This is how I looked before DRESS.
Going through this was one of the most frightening and stressful experiences of my life, and I wouldn't wish it on anyone. This is why research and documentation of cases is so important and integral to prevention, understanding and awareness.
My name is Chelsea and I was diagnosed in September, 2017, at the age of 22, with DRESS Syndrome secondary to Carbamazepine (Tegretol). Every day is a struggle but I'm so thankful I lived to tell the tale. Some, very sadly aren't so lucky. This is my story...
From the time I started on Carbamazepine (It was prescribed to me off-label for apparent mood/mental health benefits), it took six weeks for all hell to break loose.

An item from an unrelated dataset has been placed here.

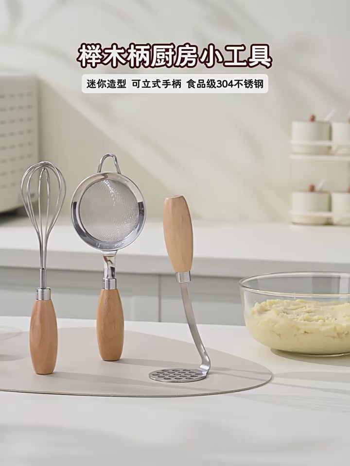 CX-304 beech handle whisk, CX-304 beech handle potato press, CX-304 beech handle net colander

After four weeks on the drug, I was feeling fatigued and generally a little under the weather. I saw my GP; he ran some tests which showed my eosinophil count and liver enzymes were significantly raised, and my liver function had decreased markedly with no apparent known cause. I didn't seem to be suffering from any contagious illness, so I kept going to work. I was a casual member of staff working in the health care sector and I didn't have the time or money to take leave.
About two weeks later, a co-worker pointed out that I had a rash developing on the insides of my elbows. By the end of my shift, I was covered in a rash. I developed a fever. I felt awful. I went to the doctor and they ordered more tests, and told me to come back the next day. I didn't make it back. By the next morning - I was driven to the emergency department at my local hospital because of the worsening rash and the beginnings of the oedema. Things went downhill pretty quickly from there.
Early Stages of DRESS - Prior to Diagnosis:
While hospitalized, I remember experiencing intense pain and headaches, extreme itching due to the rash, and, being diagnosed with a bladder infection and lymphandenopathy. The main organs that were affected were my liver, kidneys and skin. Liver enzymes were markedly raised, kidneys were failing and eosinophils were through the roof. Thyroid and heart issues didn't occur until after the acute phase of my DRESS. The primary treatment I received in the hospital was systemic steroids. I continued on them for over a year.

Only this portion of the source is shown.